DO NOT create a public GitHub issue for security vulnerabilities.

Instead, please report security issues privately:

1. GitHub Security Advisory (Private):
   • Open the repository on GitHub
   • Go to the "Security" tab → "Report a vulnerability"
   • Fill out the private report form with full technical details and reproduction steps

If the "Report a vulnerability" option is unavailable in your view, create a new Issue titled "[SECURITY] Private report request" without sensitive details — we will follow up privately and convert it to a confidential workflow.

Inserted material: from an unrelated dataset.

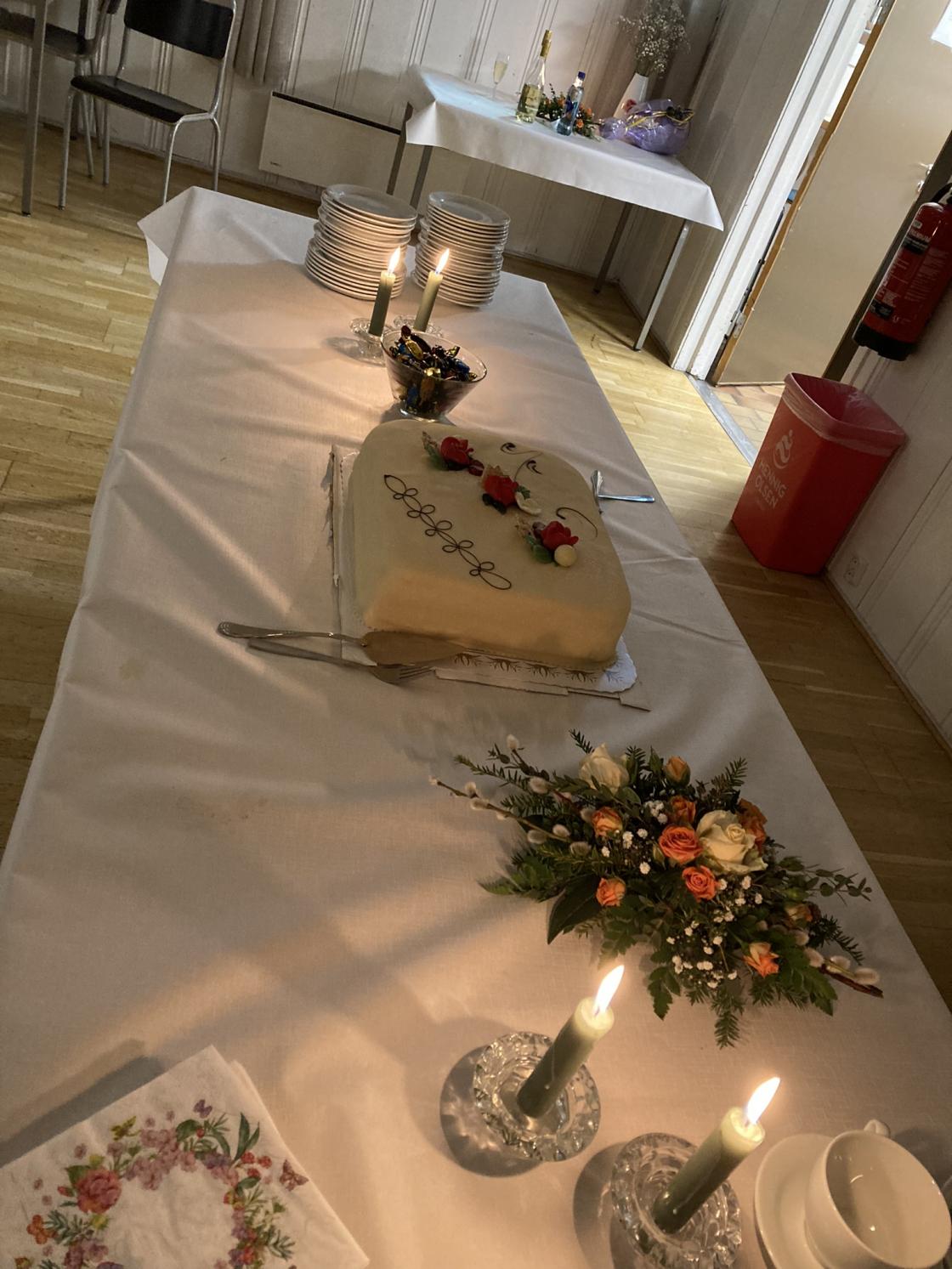 Kvelden ble avsluttet med marsipankake og kaffe.
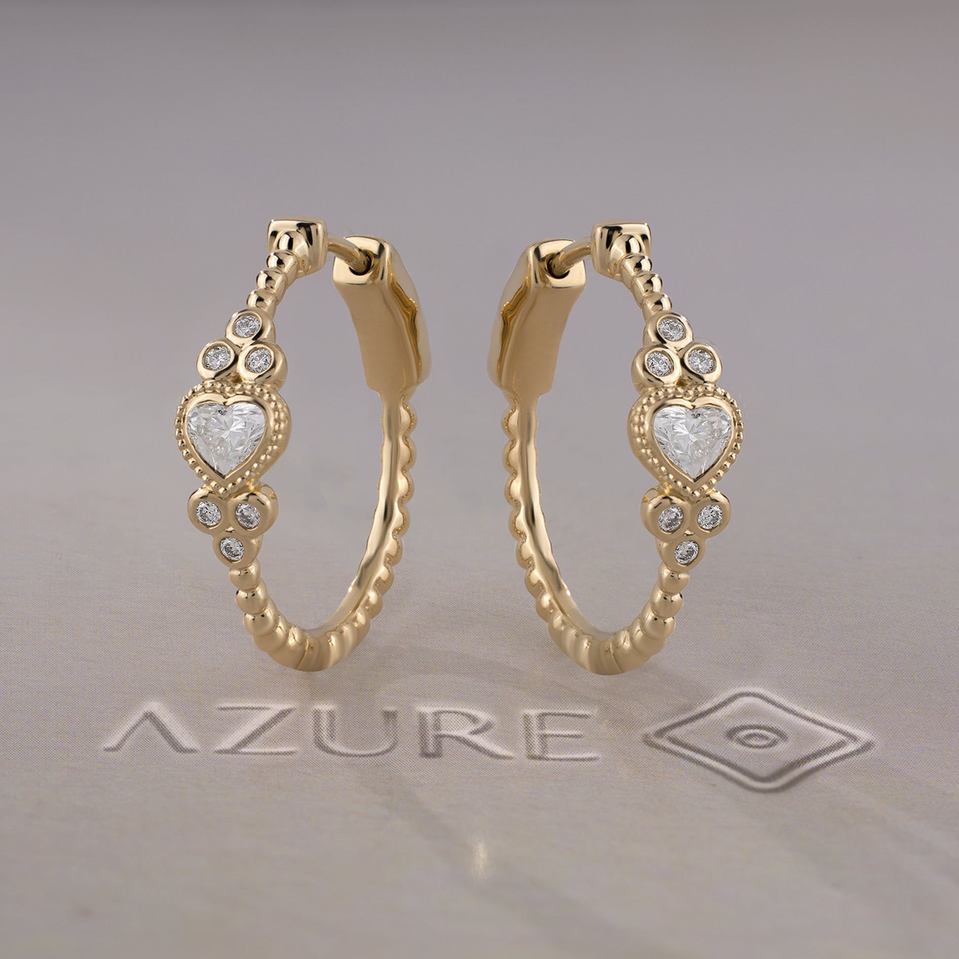 Discover the allure of these handcrafted 14K yellow gold earrings, where an elegant Heart centerpiece is gracefully framed by Round accent stones. The intricate beaded hoop design creates a luminous interplay of light and shadow, embodying the pinnacle of fine jewelry craftsmanship. A sophisticated choice for those who value timeless beauty and meticulous artisanal detail.

Please provide as much information as possible:

• Type of vulnerability (e.g., buffer overflow, injection, memory corruption)
• Affected component (e.g., Assembly code, C wrapper, specific binding)
• Affected version(s)
• Steps to reproduce the vulnerability
• Proof of concept or exploit code (if available)
• Impact assessment (what can an attacker do?)
• Suggested fix (if you have one)

• Acknowledgment: Within 48 hours
• Initial assessment: Within 1 week
• Status updates: Every 2 weeks until resolved
• Fix timeline: Depends on severity:
  • Critical: 1-7 days
  • High: 1-2 weeks
  • Medium: 2-4 weeks
  • Low: Next regular release

• We follow coordinated disclosure
• We will work with you to understand and fix the issue
• We will credit you in the security advisory (unless you prefer to remain anonymous)
• We will publicly disclose the vulnerability only after a fix is released

1. Use latest version: Always use the latest stable release
2. Validate inputs: Sanitize user-provided text before generating embeddings
3. Limit dimensions: Use reasonable embedding dimensions (e.g., 256-2048)
4. Memory limits: Monitor memory usage in production
5. Dependency updates: Keep language binding dependencies up-to-date

1. Memory safety: Check all array bounds and pointer arithmetic
2. ABI compliance: Follow System V ABI strictly (callee-saved registers, stack alignment)
3. Input validation: Validate all C API inputs (null checks, dimension checks)
4. Error handling: Never ignore return values or error codes
5. Fuzzing: Run fuzz tests on new code (see tests/fuzz/)
6. Code review: All assembly changes require thorough review

• Buffer overflows: All vector operations assume correct dimension parameters
• Stack alignment: Misaligned stack can cause crashes or exploitable conditions
• Register preservation: Incorrect ABI compliance can corrupt caller state

Mitigation:

• Always call via C wrappers (which validate inputs)
• Use language binding safety features (type checks, bounds checks)
• Run tests on multiple platforms

• Not cryptographically secure: Hash function is fast but not designed for security
• Collision resistance: Possible for adversarial inputs to generate similar embeddings

Mitigation:

• Do not use for security-sensitive applications (use ONNX models instead)
• Treat embeddings as public information (do not rely on secrecy)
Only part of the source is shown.